Gregory Hines, in an interview published in 1992, said that he and his brother hadn’t spoken to each other for the past six years. Maurice, however, refuses to discuss the matter in the press. “My brother sees fit to talk about it,” he says. “I never talk about my personal life with strangers.”

So how does he feel about taking over his brother’s role? First, he points out that Gregory was the second Morton, not the first, taking over for Babatunde.

Second, he’s “completely re-choreographed” his dances, and even suggested dropping out of a second-act duet with 21-year-old Savion Glover, who plays Morton as a young man, because “Savion is now an acknowledged tap star. He should have his moment alone on the stage.”

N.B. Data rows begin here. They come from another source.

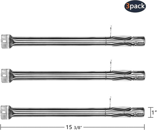15 3/8" BBQ Gas Grill Replacement Stainless Steel Pipe Tube Burner for BBQ Pro, Kenmore Sears, K Mart Part, Members Mark Part, Outdoor Gourmet, Lowes Model Grills (3-Pack)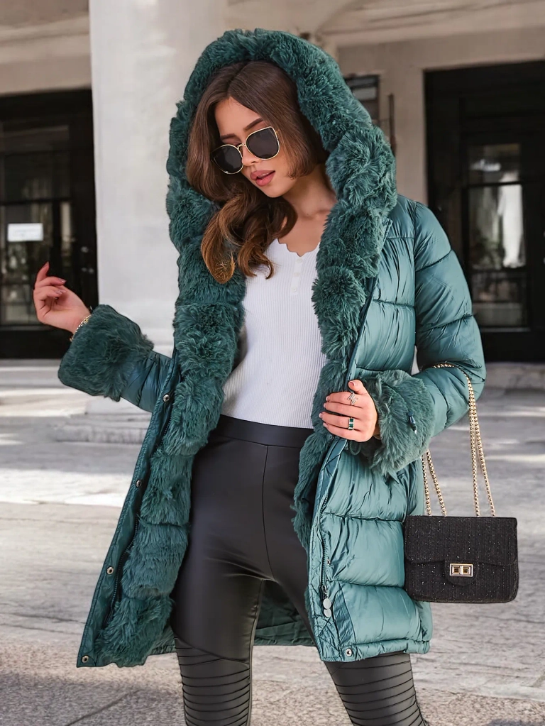 - Sieviešu piedurkne ar kapuci un noņemamu kažokādas apdari ziemas jaku. Modele piestiprināts ar rāvējizlietni un pogām, ir 2 kabatas un siksniņas, lai uzsvērtu vidukli. Ideāli piemērots vēsākiem laikapstākļiem!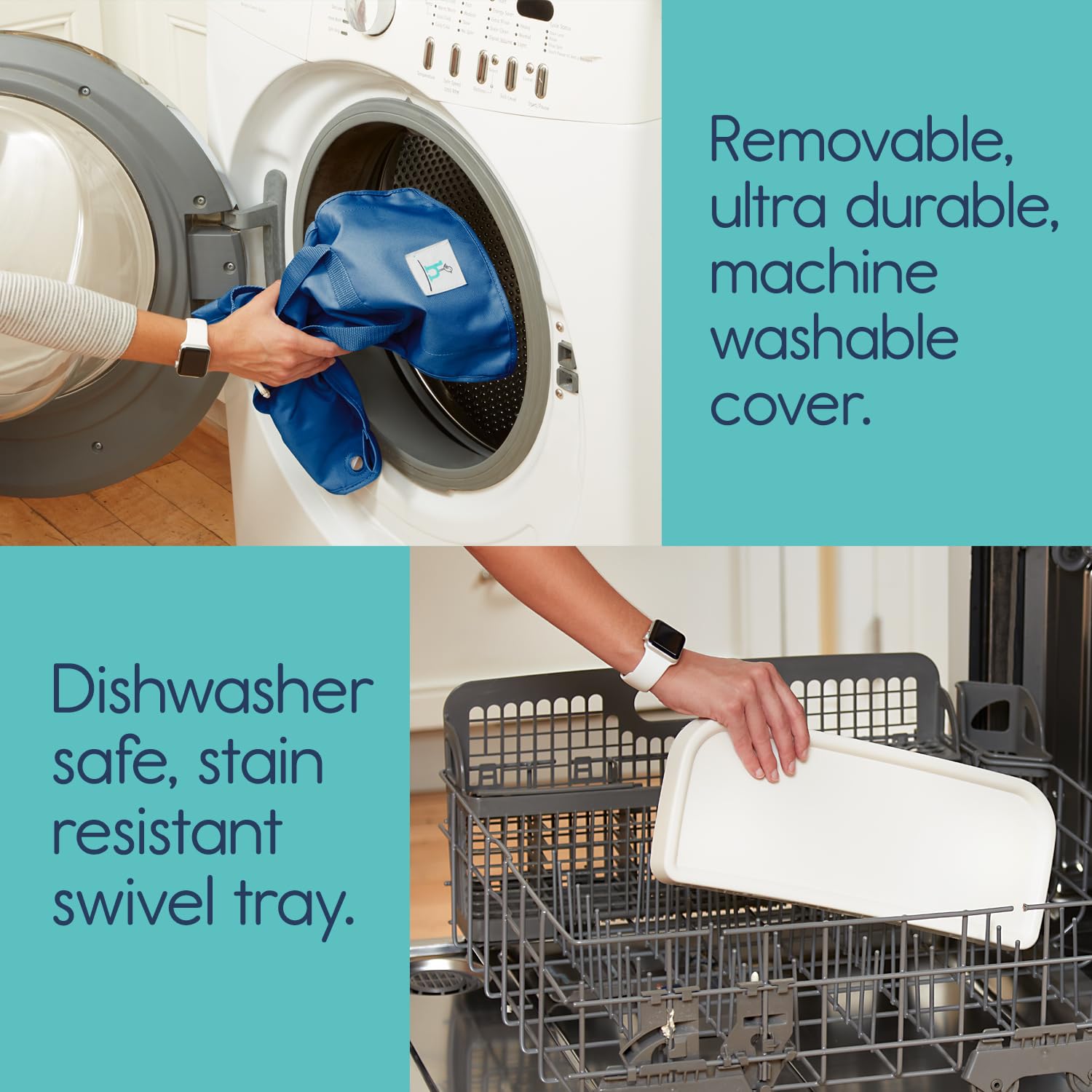 - MACHINE WASHABLE COVER | We all know that babies are messy eaters! Our portable booster seat is designed to effortlessly wipe clean, allowing more quality time with your precious tot. To assist with the inevitable mess, the fabric cover slides off the frame for machine washing - a must have for sanitizing and spaghetti stain removal.

Further, Maurice never saw the show, either on Broadway or in Los Angeles, where he lives. “I came as a clean canvas,” he says. “In that way, it helped (director Wolfe) look at things and think what could have been done better, differently. It’s always a work in progress.”

Differences? “I cry a lot sooner, I am more tormented.”

Moreover, “My brother and I tap completely differently although we were both taught by Henry LeTang. We have very different stances. My style tries to be exactly like Fayard Nicholas, a full body style. (Gregory) dances from the waist down, like Harold (Nicholas). I’m more pulled up. We are so different. No one has really compared us.”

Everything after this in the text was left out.